Lambda School Data Science

*Unit 2, Sprint 3, Module 2*

---


# Permutation & Boosting

You will use your portfolio project dataset for all assignments this sprint.

## Assignment

Complete these tasks for your project, and document your work.

- [ ] If you haven't completed assignment #1, please do so first.
- [ ] Continue to clean and explore your data. Make exploratory visualizations.
- [ ] Fit a model. Does it beat your baseline? 
- [ ] Try xgboost.
- [ ] Get your model's permutation importances.

You should try to complete an initial model today, because the rest of the week, we're making model interpretation visualizations.

But, if you aren't ready to try xgboost and permutation importances with your dataset today, that's okay. You can practice with another dataset instead. You may choose any dataset you've worked with previously.

The data subdirectory includes the Titanic dataset for classification and the NYC apartments dataset for regression. You may want to choose one of these datasets, because example solutions will be available for each.


## Reading

Top recommendations in _**bold italic:**_

#### Permutation Importances
- _**[Kaggle / Dan Becker: Machine Learning Explainability](https://www.kaggle.com/dansbecker/permutation-importance)**_
- [Christoph Molnar: Interpretable Machine Learning](https://christophm.github.io/interpretable-ml-book/feature-importance.html)

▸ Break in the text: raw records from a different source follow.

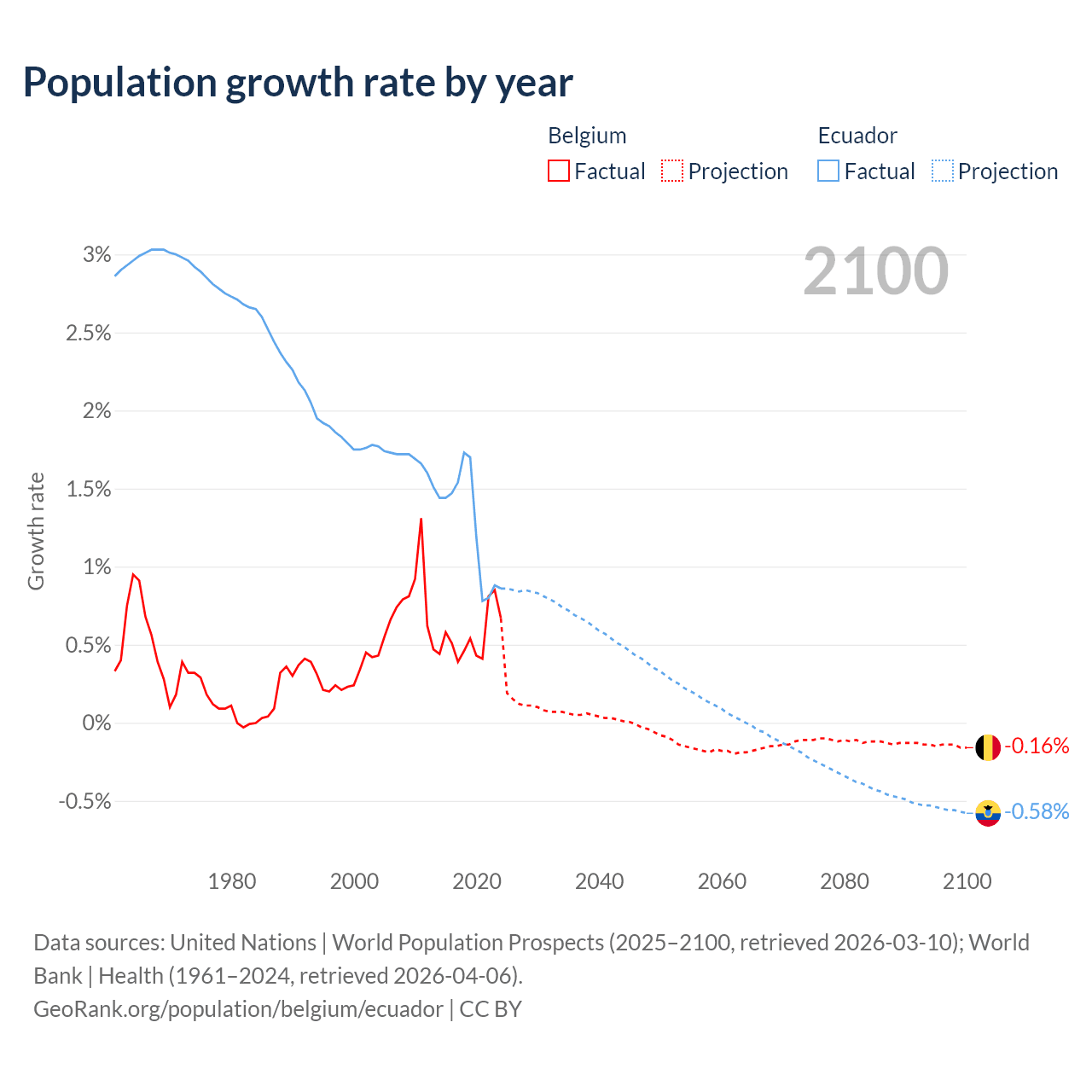 - For the last 10 years, Belgium has had an average growth rate of +0.55% per year vs +1.26% in Ecuador.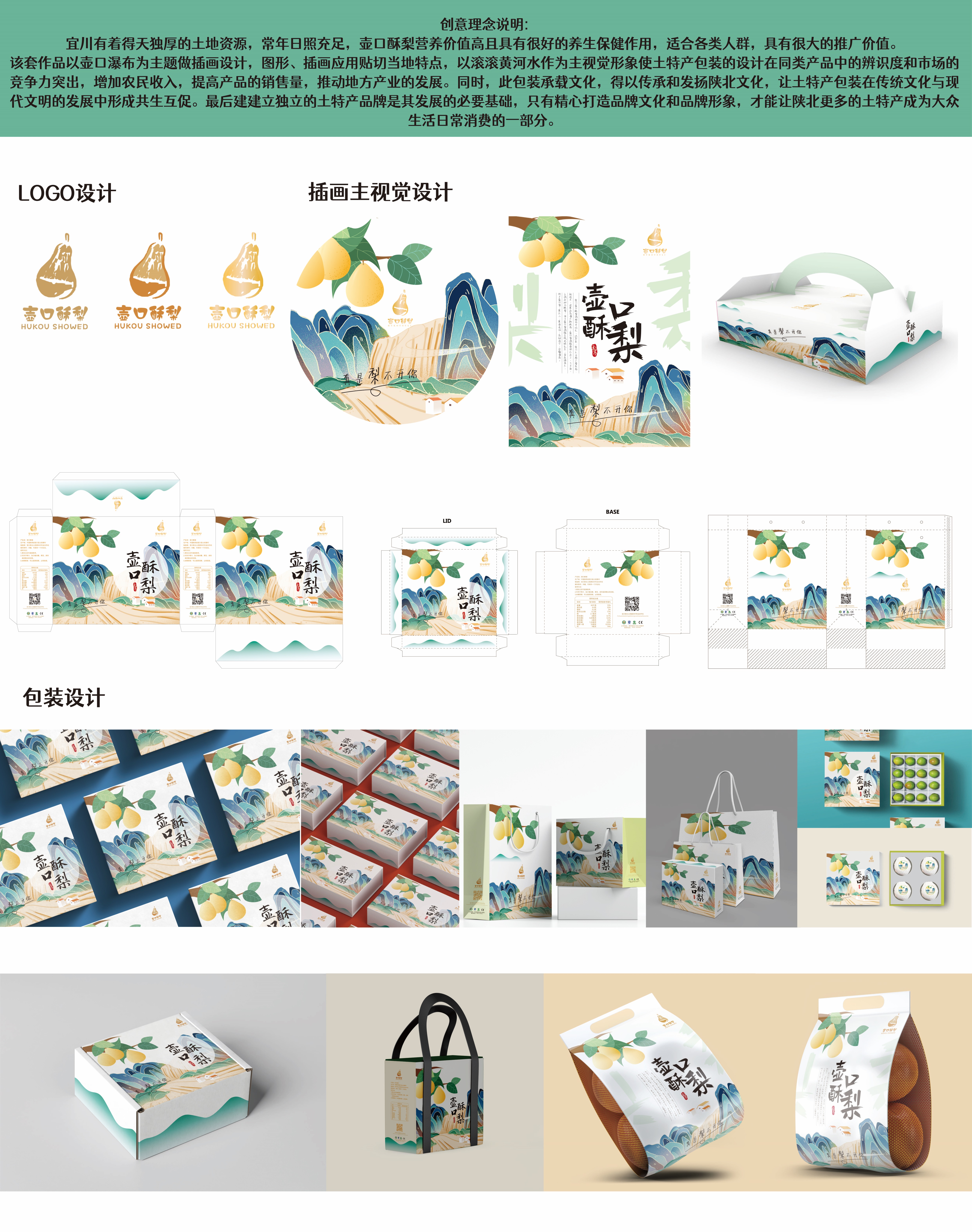 该套作品以壶口瀑布为主题做插画设计,图形、插画应用贴切当地特点,以滚滚黄河水作为主视觉形象使土特产包装的设计增加农民收入,提高产品的销售量,推动地方产业的发展。同时,此包装承载文化,得以传承和发扬陕北文化,让土特产包装在传统文化与现代文明的发展中形成共生互促。建立独立的土特产品牌是发展的必要基础,只有精心打造品牌文化和形象,才能让陕北土特产成为大众生活日常消费的一部分。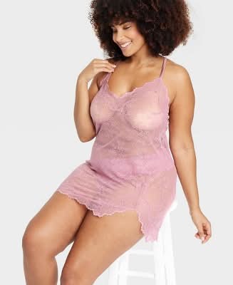 Auden Allover Lace Lingerie Slip Dress, Women, XXL, Mauve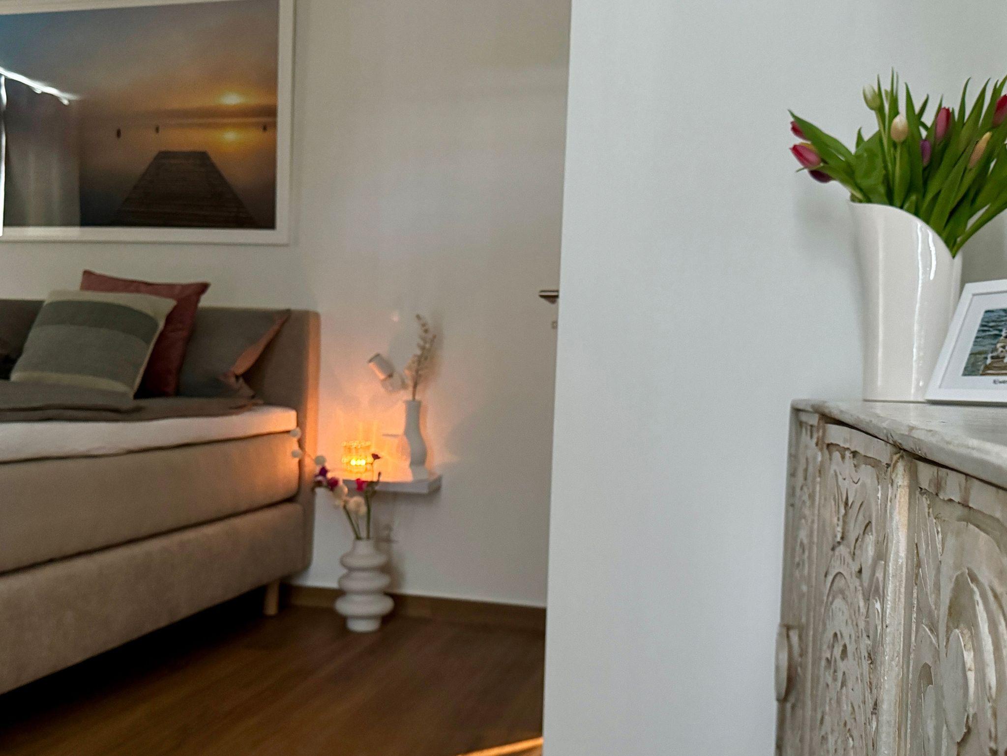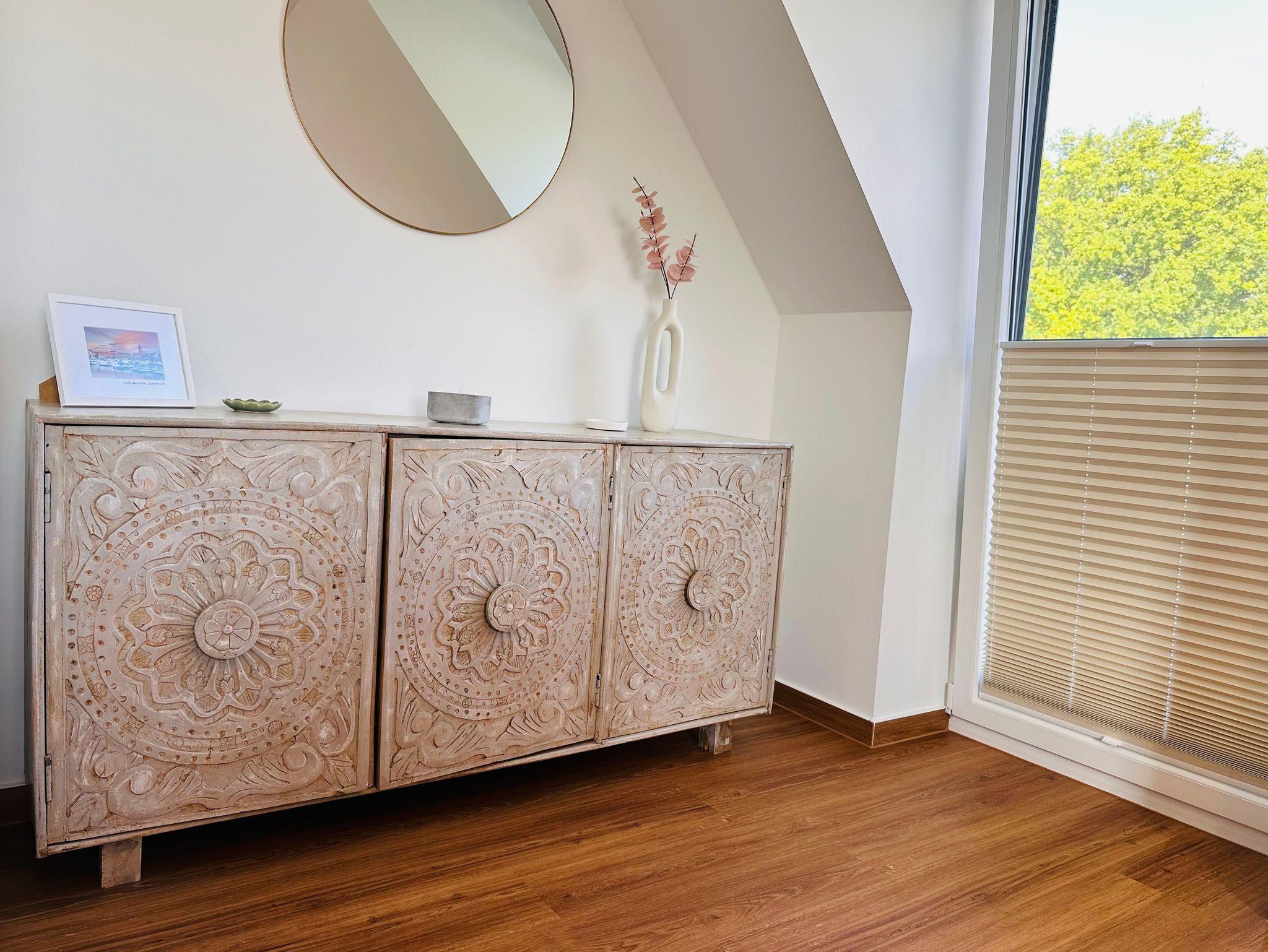 Eines der Schlafzimmer verfügt außerdem über einen Balkon mit Blick in Richtung Schlosspark und lädt zu atemberaubenden Sonnenuntergängen mit weitem Blick über die Natur ein. Ebenso befindet sich auf der Etage das zweite, sehr helle Bad mit Dusche sowie ein separater Raum mit Waschmaschine und Trockner.

#### (Default) Feature Importances
  - [Ando Saabas: Selecting good features, Part 3, Random Forests](https://blog.datadive.net/selecting-good-features-part-iii-random-forests/)
  - [Terence Parr, et al: Beware Default Random Forest Importances](https://explained.ai/rf-importance/index.html)

#### Gradient Boosting
  - [A Gentle Introduction to the Gradient Boosting Algorithm for Machine Learning](https://machinelearningmastery.com/gentle-introduction-gradient-boosting-algorithm-machine-learning/)
  - _**[A Kaggle Master Explains Gradient Boosting](http://blog.kaggle.com/2017/01/23/a-kaggle-master-explains-gradient-boosting/)**_
  - [_An Introduction to Statistical Learning_](http://www-bcf.usc.edu/~gareth/ISL/ISLR%20Seventh%20Printing.pdf) Chapter 8
  - [Gradient Boosting Explained](http://arogozhnikov.github.io/2016/06/24/gradient_boosting_explained.html)
  - _**[Boosting](https://www.youtube.com/watch?v=GM3CDQfQ4sw) (2.5 minute video)**_

In [0]:
import pandas as pd
df = pd.read_csv('gradcafe.csv')

In [0]:
df.head()

Unnamed: 0,comment,major,gre_quant,degree,season,decision,gre_verbal,date_of_result,term_year,undergrad_gpa,date_added,applicant_status,university,gre_awa
0,I applied because one compatriot teacher there...,"Computer Science,",160.0,Masters,Fall,Accepted,158.0,2019-08-14,2019,,2019-08-23,International without US degree,University Of South Carolina,3.5
1,,"Computer Science,",,PhD,Fall,Accepted,,2019-08-22,2019,,2019-08-21,International without US degree,"University Of Californa, Los Angeles (UCLA)",
2,Admitted to CS in Toronto,"Computer Science,",,PhD,Fall,Accepted,,2019-04-16,2019,,2019-08-17,Unknown,University Of Toronto,
3,,"Computer Science,",,Masters,Fall,Accepted,,2019-05-22,2019,,2019-08-17,Unknown,University Of Toronto,
4,"Hello, I've heard Amherst allows one to defer ...","Computer Science,",168.0,Masters,Spring,Others,159.0,2019-08-12,2020,3.8,2019-08-11,International without US degree,"University Of Massachusetts, Amherst",4.0


In [0]:
df.decision.value_counts()

Accepted    1310840
Rejected    1272526
Others      1120158
Name: decision, dtype: int64

In [0]:
df.columns

Index(['comment', 'major', 'gre_quant', 'degree', 'season', 'decision',
       'gre_verbal', 'date_of_result', 'term_year', 'undergrad_gpa',
       'date_added', 'applicant_status', 'university', 'gre_awa'],
      dtype='object')

In [0]:
df.decision = df['decision']

In [0]:
df['y_n'] = df['decision'] == 'Accepted'

In [0]:
df = df.dropna()

In [0]:
from sklearn.model_selection import train_test_split

train, test = train_test_split(df, train_size=0.80,
                              test_size=0.20, stratify=df['y_n'],
                              random_state=59)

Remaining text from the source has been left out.